Problem to solve:
For this exercise, reproduce the entries below exactly, but only from the line containing "元宵节上午,我和妈妈帮爸爸整" through the line containing "また、料理のほうもかなりの腕", both included.

··· Material for the task ···

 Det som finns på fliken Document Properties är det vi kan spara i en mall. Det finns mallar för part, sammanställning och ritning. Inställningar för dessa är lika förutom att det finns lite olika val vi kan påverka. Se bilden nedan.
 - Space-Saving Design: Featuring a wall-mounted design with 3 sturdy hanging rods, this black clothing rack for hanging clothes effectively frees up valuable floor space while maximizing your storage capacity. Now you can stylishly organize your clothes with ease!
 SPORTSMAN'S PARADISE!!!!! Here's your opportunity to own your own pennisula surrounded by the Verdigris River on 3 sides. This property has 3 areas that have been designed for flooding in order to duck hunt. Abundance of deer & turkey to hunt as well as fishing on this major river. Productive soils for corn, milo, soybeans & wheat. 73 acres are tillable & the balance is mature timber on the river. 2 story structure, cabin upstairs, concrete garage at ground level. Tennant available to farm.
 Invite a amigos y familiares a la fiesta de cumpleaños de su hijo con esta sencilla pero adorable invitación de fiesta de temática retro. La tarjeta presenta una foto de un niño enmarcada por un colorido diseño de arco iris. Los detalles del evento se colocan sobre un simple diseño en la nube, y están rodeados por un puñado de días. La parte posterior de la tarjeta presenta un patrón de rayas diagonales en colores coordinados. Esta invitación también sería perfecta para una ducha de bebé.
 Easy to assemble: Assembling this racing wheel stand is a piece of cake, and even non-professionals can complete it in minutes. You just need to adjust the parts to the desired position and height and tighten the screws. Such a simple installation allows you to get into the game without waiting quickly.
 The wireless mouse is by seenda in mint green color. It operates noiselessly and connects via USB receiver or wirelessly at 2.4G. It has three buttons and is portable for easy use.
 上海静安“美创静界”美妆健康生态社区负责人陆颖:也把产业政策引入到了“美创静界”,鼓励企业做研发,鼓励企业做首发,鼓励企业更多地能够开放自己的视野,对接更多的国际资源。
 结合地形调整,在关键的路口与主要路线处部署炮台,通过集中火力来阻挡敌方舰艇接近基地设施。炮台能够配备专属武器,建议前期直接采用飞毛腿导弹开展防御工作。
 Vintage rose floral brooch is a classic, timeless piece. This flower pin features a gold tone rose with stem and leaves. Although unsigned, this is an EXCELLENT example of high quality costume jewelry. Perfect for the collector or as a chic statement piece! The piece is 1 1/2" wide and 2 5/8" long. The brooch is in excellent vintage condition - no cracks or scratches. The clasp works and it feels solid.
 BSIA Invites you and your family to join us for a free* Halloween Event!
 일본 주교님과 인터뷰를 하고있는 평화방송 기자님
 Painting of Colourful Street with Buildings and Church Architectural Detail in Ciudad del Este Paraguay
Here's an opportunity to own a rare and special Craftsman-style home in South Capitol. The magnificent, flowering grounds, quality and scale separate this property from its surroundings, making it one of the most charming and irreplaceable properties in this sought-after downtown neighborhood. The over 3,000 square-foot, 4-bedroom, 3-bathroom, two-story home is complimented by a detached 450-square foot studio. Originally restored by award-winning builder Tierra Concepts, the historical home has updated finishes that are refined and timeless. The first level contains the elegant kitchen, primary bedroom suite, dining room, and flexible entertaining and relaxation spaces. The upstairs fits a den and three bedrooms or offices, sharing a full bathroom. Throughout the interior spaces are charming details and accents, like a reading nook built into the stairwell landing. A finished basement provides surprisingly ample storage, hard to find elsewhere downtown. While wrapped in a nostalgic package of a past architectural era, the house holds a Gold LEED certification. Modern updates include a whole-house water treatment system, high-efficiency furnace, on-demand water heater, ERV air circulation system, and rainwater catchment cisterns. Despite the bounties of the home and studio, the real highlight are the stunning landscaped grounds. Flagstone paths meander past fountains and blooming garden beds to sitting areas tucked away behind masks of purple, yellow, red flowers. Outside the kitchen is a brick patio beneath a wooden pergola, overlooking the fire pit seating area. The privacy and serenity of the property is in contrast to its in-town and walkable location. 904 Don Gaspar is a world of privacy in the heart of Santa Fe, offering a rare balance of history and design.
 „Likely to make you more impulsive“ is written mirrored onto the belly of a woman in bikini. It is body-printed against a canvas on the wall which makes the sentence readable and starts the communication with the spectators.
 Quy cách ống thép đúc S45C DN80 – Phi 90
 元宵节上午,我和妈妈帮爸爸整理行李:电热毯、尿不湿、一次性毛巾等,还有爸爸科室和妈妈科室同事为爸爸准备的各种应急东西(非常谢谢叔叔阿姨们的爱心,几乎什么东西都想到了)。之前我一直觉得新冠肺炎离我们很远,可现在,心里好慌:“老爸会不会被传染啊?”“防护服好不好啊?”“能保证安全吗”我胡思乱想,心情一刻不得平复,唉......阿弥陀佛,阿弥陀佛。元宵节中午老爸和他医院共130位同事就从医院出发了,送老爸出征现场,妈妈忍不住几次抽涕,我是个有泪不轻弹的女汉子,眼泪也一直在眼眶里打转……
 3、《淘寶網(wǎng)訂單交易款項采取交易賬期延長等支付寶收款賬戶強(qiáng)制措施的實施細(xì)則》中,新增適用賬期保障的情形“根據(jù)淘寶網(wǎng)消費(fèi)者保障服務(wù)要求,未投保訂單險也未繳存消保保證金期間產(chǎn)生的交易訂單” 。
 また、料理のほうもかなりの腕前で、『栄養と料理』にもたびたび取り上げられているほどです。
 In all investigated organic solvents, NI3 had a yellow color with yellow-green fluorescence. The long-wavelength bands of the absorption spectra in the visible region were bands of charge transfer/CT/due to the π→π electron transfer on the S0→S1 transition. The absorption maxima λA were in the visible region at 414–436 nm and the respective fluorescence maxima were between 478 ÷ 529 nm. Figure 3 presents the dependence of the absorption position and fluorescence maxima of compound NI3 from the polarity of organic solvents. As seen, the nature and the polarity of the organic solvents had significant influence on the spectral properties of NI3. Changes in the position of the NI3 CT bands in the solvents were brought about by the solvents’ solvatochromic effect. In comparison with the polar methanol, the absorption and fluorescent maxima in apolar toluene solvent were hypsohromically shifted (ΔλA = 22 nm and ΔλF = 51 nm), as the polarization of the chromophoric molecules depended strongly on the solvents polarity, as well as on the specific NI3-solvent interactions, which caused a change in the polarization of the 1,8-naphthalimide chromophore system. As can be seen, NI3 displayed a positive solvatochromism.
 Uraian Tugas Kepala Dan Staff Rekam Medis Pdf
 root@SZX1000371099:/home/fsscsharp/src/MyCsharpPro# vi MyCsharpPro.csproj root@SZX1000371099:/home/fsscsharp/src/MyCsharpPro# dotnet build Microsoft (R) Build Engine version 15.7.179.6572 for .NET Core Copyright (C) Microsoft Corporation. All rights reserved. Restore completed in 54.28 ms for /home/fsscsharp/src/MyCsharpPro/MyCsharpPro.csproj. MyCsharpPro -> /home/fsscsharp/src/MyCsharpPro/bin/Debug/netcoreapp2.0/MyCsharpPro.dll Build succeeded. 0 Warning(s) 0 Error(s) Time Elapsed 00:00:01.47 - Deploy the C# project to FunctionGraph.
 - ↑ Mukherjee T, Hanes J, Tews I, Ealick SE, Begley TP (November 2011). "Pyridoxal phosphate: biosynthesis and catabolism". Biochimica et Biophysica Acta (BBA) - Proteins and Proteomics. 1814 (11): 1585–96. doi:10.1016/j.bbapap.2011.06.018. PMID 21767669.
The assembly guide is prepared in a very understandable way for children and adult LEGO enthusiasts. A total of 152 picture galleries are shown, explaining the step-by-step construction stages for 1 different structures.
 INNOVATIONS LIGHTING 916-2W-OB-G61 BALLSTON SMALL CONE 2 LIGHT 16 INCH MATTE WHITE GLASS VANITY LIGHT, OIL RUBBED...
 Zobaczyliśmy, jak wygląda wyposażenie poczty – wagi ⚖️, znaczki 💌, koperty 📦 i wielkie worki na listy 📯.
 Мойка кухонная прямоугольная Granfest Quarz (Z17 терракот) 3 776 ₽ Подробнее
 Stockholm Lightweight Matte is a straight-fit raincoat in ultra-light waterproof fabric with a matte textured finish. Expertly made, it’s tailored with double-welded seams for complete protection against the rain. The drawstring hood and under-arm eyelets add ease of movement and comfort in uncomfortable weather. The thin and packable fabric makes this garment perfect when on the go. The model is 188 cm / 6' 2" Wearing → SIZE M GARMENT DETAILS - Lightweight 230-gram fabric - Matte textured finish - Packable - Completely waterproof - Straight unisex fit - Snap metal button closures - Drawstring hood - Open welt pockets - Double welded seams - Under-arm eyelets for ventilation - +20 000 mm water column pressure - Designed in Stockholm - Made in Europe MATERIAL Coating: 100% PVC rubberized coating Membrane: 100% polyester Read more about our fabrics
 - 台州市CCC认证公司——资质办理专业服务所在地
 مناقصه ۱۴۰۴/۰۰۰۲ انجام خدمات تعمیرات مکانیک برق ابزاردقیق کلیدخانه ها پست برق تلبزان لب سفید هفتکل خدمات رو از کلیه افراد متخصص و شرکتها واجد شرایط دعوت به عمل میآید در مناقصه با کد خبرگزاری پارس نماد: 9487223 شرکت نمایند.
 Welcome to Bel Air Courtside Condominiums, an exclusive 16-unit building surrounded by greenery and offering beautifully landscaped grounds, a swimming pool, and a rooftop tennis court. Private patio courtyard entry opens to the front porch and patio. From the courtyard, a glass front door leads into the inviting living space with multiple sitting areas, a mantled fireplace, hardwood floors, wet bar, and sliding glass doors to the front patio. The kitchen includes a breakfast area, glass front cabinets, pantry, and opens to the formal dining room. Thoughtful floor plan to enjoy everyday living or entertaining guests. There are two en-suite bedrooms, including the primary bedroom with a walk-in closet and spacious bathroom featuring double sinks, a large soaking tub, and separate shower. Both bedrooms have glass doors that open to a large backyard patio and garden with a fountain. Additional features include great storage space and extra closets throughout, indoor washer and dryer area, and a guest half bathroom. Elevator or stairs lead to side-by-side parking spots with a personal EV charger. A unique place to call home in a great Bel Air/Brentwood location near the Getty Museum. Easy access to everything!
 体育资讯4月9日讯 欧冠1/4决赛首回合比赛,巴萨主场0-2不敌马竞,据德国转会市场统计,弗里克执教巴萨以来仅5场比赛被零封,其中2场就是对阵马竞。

···

Response to this task:
 元宵节上午,我和妈妈帮爸爸整理行李:电热毯、尿不湿、一次性毛巾等,还有爸爸科室和妈妈科室同事为爸爸准备的各种应急东西(非常谢谢叔叔阿姨们的爱心,几乎什么东西都想到了)。之前我一直觉得新冠肺炎离我们很远,可现在,心里好慌:“老爸会不会被传染啊?”“防护服好不好啊?”“能保证安全吗”我胡思乱想,心情一刻不得平复,唉......阿弥陀佛,阿弥陀佛。元宵节中午老爸和他医院共130位同事就从医院出发了,送老爸出征现场,妈妈忍不住几次抽涕,我是个有泪不轻弹的女汉子,眼泪也一直在眼眶里打转……
 3、《淘寶網(wǎng)訂單交易款項采取交易賬期延長等支付寶收款賬戶強(qiáng)制措施的實施細(xì)則》中,新增適用賬期保障的情形“根據(jù)淘寶網(wǎng)消費(fèi)者保障服務(wù)要求,未投保訂單險也未繳存消保保證金期間產(chǎn)生的交易訂單” 。
 また、料理のほうもかなりの腕前で、『栄養と料理』にもたびたび取り上げられているほどです。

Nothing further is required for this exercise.